YOUR TASK: Print exactly the lines below between the line containing "Nos fundos do" and the line containing "Calentador de baño", counting both of those lines. Leave pictures out.

SOURCE DATA:
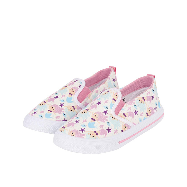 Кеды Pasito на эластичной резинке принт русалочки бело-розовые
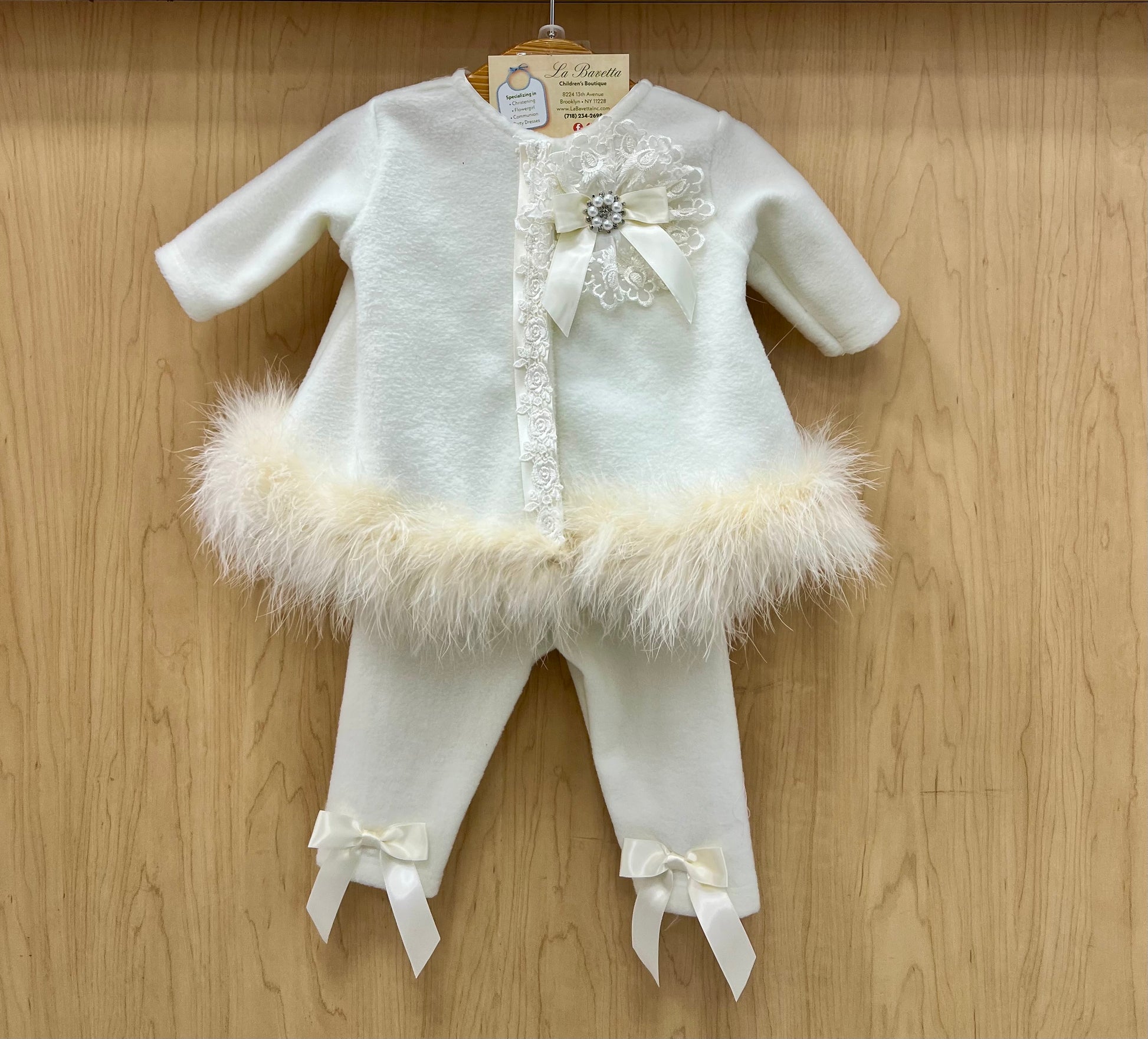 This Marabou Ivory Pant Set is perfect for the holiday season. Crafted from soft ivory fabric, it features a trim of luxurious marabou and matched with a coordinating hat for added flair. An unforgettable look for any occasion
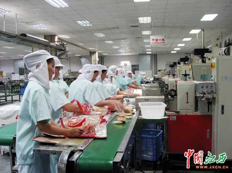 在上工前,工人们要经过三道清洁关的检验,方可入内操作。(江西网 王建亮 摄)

==

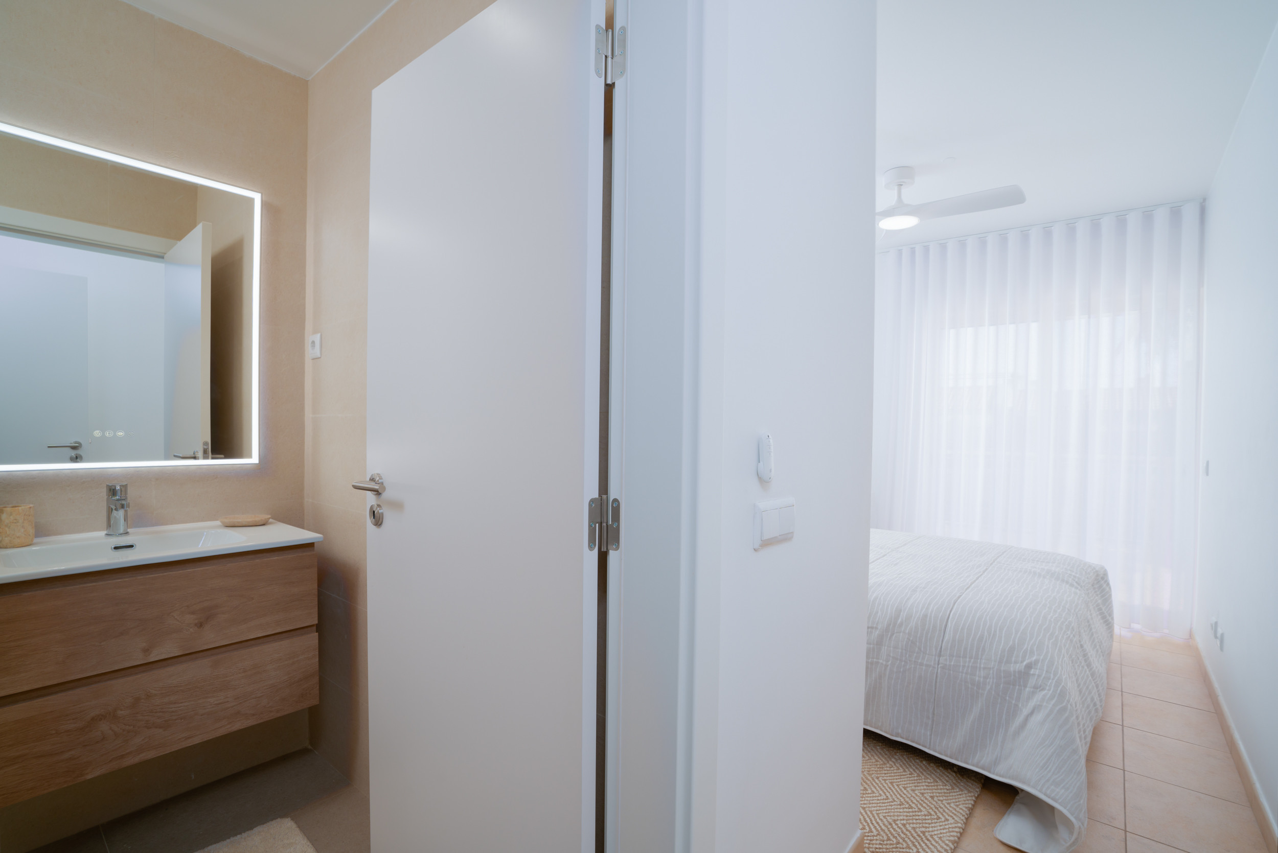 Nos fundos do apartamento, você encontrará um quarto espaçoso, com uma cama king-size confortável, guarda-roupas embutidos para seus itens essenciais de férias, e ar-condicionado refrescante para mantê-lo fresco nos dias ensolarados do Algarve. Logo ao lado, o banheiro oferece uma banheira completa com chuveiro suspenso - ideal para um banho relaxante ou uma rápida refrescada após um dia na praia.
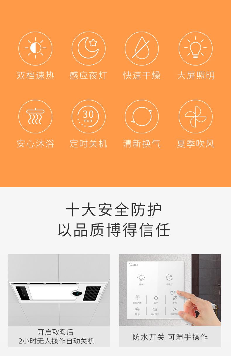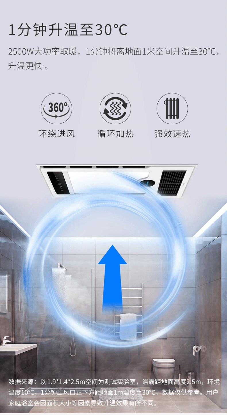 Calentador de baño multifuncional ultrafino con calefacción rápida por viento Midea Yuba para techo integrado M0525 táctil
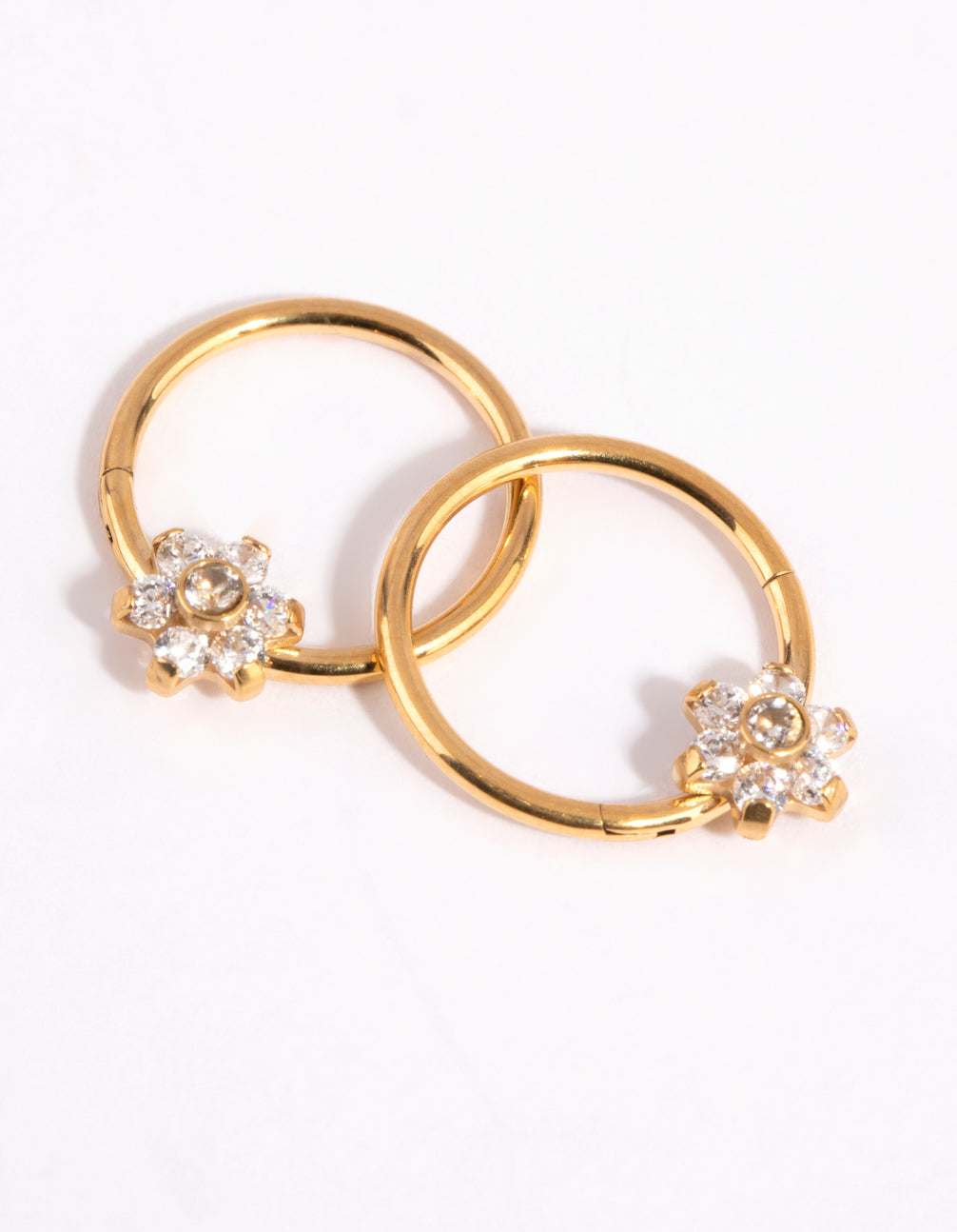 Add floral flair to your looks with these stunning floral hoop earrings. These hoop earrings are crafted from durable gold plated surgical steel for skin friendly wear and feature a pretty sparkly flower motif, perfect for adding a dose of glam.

RESPONSE TO THE TASK:
 Nos fundos do apartamento, você encontrará um quarto espaçoso, com uma cama king-size confortável, guarda-roupas embutidos para seus itens essenciais de férias, e ar-condicionado refrescante para mantê-lo fresco nos dias ensolarados do Algarve. Logo ao lado, o banheiro oferece uma banheira completa com chuveiro suspenso - ideal para um banho relaxante ou uma rápida refrescada após um dia na praia.
 Calentador de baño multifuncional ultrafino con calefacción rápida por viento Midea Yuba para techo integrado M0525 táctil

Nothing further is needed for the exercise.